I think the more important question is: Will Workspace fix the existential issues surrounding Copilot and other AI-powered coding tools?
An analysis of over 150 million lines of code committed to project repos over the past several years by GitClear, the developer of the code analysis tool of the same name, found that Copilot was resulting in more mistaken code being pushed to codebases and more code being re-added as opposed to reused and streamlined, creating headaches for code maintainers.
Elsewhere, security researchers have warned that Copilot and similar tools can amplify existing bugs and security issues in software projects.
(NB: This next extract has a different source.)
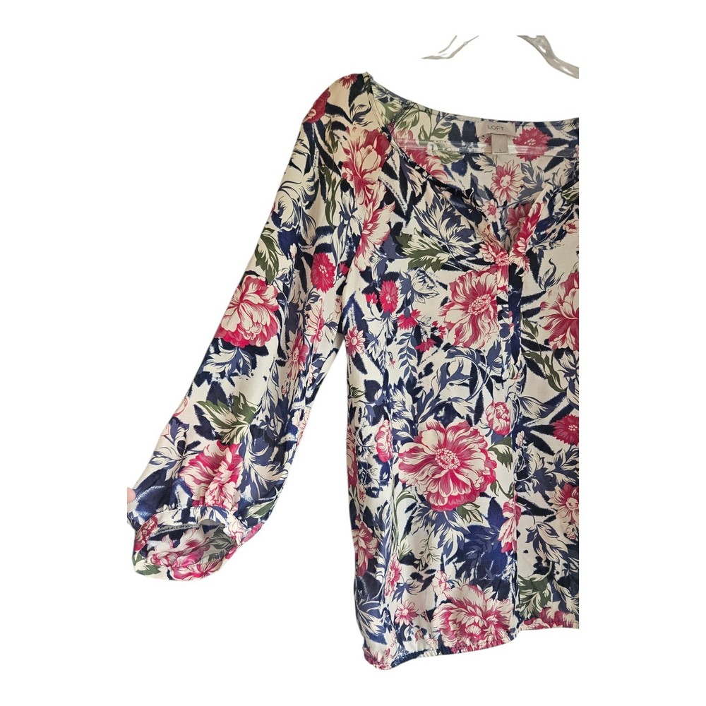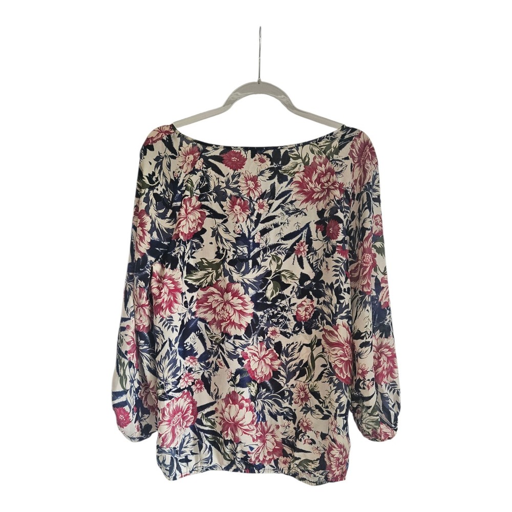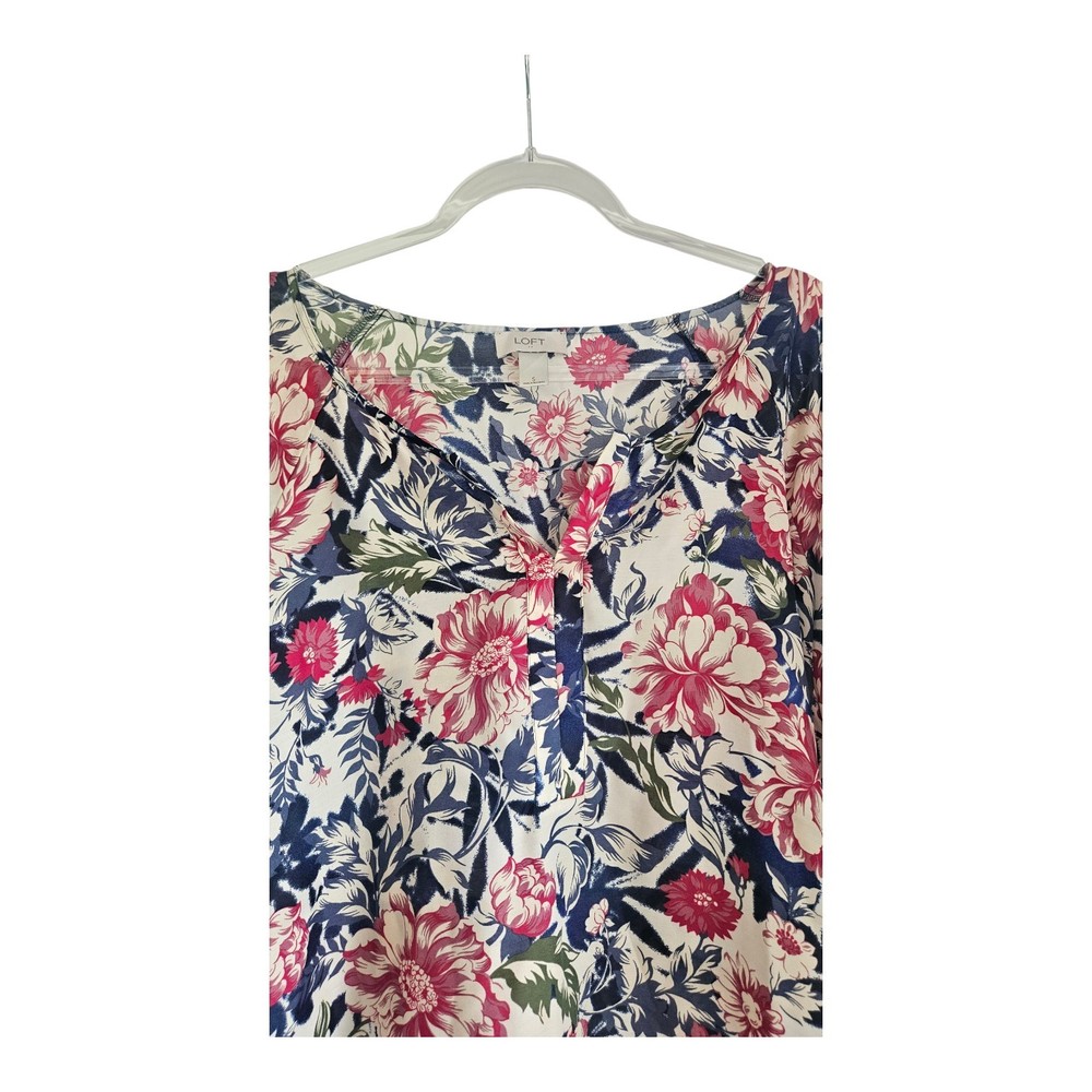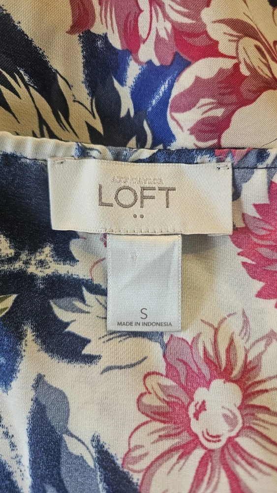 The Ann Taylor LOFT Women's Blouse in size S features a floral pattern with a V-neckline and 3/4 balloon sleeves for a relaxed fit. Made of lightweight polyester material, this pullover blouse is perfect for travel, casual, and business occasions. The elastic waist adds comfort and flexibility, while the multicolor design adds a touch of versatility to your wardrobe. With a split neck and machine washable care, this blouse is a stylish and practical choice for all seasons. Measurements are approximate Armpit-armpit 20 1/2" Shoulder-hem 26 1/2" Please refer to pictures Ships 1-2 days
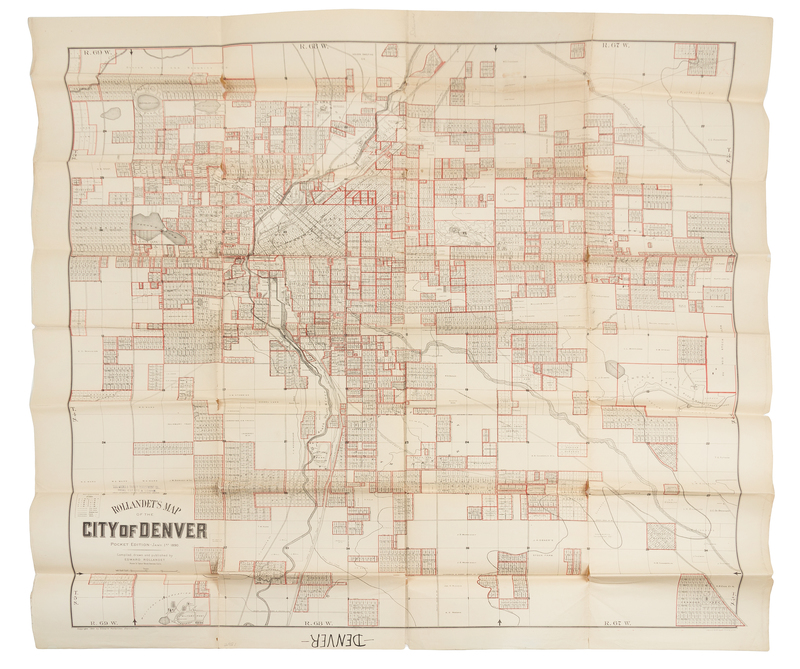 Lithographic folding map printed red outline image 838 x 829 mm (900 x 920 mm sheet). (A few tears or separations to folds.) First edition of this rare separately issued map of Denver, including the South Platte River, Cherry Creek, Sand Creek, and Sloan's Lake.

And Stanford researchers have found that developers who accept suggestions from AI-powered coding assistants tend to produce less secure code. (GitHub stressed to me that it uses an AI-based vulnerability prevention system to try to block insecure code in addition to an optional code duplication filter to detect regurgitations of public code.)
Yet devs aren’t shying away from AI.
In a StackOverflow poll from June 2023, 44% of developers said that they use AI tools in their development process now, and 26% plan to soon. Gartner predicts that 75% of enterprise software engineers will employ AI code assistants by 2028.
By emphasizing human review, perhaps Workspace can indeed help clean up some of the mess introduced by AI-generated code. We’ll find out soon enough as Workspace makes its way into developers’ hands.
“Our primary goal with Copilot Workspace is to leverage AI to reduce complexity so developers can express their creativity and explore more freely,” Carter said. “We truly believe the combination of human plus AI is always going to be superior to one or the other alone, and that’s what we’re betting on with Copilot Workspace.”